(Records for the task)

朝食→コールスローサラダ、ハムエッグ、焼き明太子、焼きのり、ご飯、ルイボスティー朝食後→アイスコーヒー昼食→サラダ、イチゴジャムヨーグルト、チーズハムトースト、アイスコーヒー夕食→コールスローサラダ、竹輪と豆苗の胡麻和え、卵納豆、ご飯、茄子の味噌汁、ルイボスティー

(End Records for the task)
(Records for the task)

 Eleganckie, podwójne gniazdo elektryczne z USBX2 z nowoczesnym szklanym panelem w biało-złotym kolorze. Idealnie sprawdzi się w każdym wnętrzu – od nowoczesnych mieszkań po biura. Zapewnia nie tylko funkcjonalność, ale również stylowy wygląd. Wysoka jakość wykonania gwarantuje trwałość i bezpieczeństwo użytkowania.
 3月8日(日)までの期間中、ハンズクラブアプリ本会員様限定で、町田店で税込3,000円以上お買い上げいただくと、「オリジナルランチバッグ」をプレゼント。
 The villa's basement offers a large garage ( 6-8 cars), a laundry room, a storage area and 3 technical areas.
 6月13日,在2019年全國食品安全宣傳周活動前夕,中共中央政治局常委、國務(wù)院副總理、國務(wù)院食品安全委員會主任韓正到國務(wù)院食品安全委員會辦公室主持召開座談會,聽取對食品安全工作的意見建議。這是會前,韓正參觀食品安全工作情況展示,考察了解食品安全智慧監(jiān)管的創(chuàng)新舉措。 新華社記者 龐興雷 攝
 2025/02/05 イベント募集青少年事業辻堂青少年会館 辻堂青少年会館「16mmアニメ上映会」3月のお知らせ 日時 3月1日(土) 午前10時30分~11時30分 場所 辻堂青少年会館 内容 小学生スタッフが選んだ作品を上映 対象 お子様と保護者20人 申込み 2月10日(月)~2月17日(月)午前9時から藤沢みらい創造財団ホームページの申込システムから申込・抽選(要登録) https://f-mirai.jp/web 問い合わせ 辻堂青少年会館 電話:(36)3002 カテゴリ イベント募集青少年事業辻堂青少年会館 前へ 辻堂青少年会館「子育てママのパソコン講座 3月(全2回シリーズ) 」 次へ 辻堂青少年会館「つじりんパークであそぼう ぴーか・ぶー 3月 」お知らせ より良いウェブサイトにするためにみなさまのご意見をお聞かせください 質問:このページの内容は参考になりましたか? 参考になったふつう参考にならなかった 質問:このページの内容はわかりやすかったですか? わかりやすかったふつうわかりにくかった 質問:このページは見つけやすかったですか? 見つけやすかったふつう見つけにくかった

(End Records for the task)
(Records for the task)

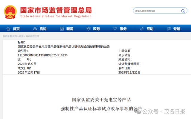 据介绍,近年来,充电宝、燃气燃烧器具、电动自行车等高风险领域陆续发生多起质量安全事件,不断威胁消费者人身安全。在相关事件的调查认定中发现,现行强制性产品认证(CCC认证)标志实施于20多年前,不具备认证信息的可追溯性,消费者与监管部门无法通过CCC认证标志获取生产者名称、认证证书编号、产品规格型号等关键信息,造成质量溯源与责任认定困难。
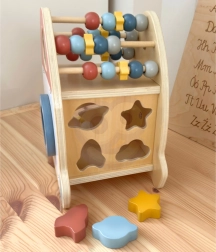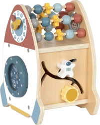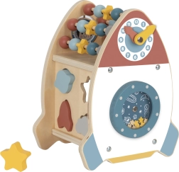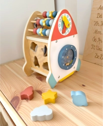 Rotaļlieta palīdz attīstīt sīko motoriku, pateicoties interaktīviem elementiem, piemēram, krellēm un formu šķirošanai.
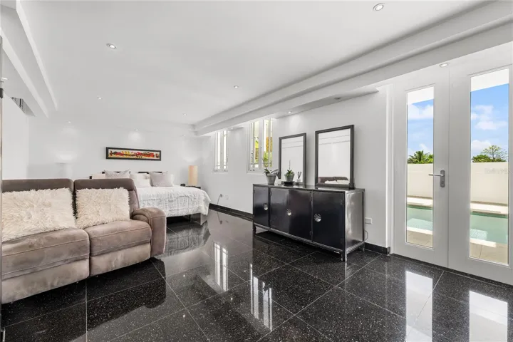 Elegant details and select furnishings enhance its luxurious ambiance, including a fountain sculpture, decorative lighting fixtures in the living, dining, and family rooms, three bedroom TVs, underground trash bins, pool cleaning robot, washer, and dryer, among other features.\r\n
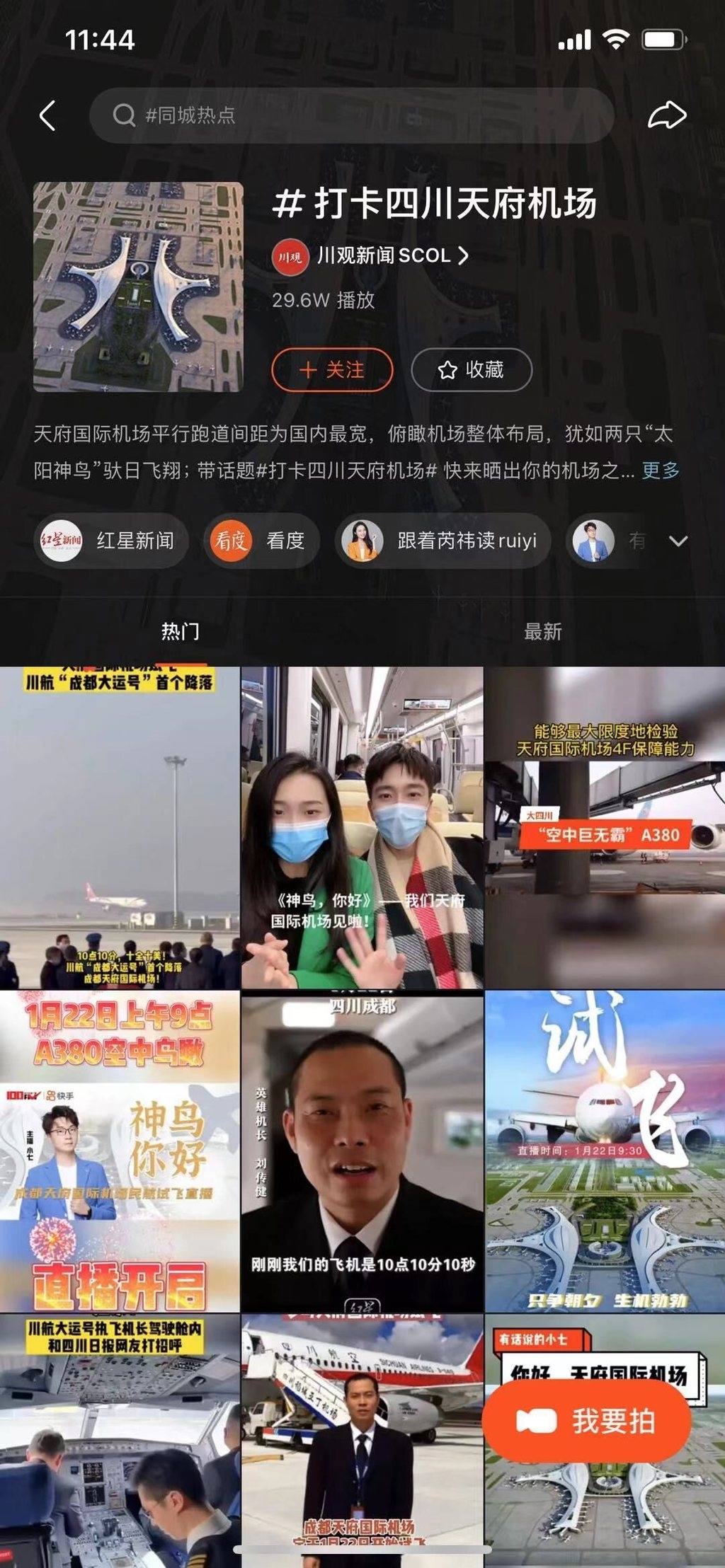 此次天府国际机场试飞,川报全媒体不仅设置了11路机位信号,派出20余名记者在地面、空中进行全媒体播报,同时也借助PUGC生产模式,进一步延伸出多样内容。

(End Records for the task)

To do: What belongs in the answer is each line above from the line with "据介绍,近年来,充电宝、燃气" to the line with "Rotaļlieta palīdz attīstīt", inclusive, reproduced exactly and free of pictures.

Response below:
 据介绍,近年来,充电宝、燃气燃烧器具、电动自行车等高风险领域陆续发生多起质量安全事件,不断威胁消费者人身安全。在相关事件的调查认定中发现,现行强制性产品认证(CCC认证)标志实施于20多年前,不具备认证信息的可追溯性,消费者与监管部门无法通过CCC认证标志获取生产者名称、认证证书编号、产品规格型号等关键信息,造成质量溯源与责任认定困难。
 Rotaļlieta palīdz attīstīt sīko motoriku, pateicoties interaktīviem elementiem, piemēram, krellēm un formu šķirošanai.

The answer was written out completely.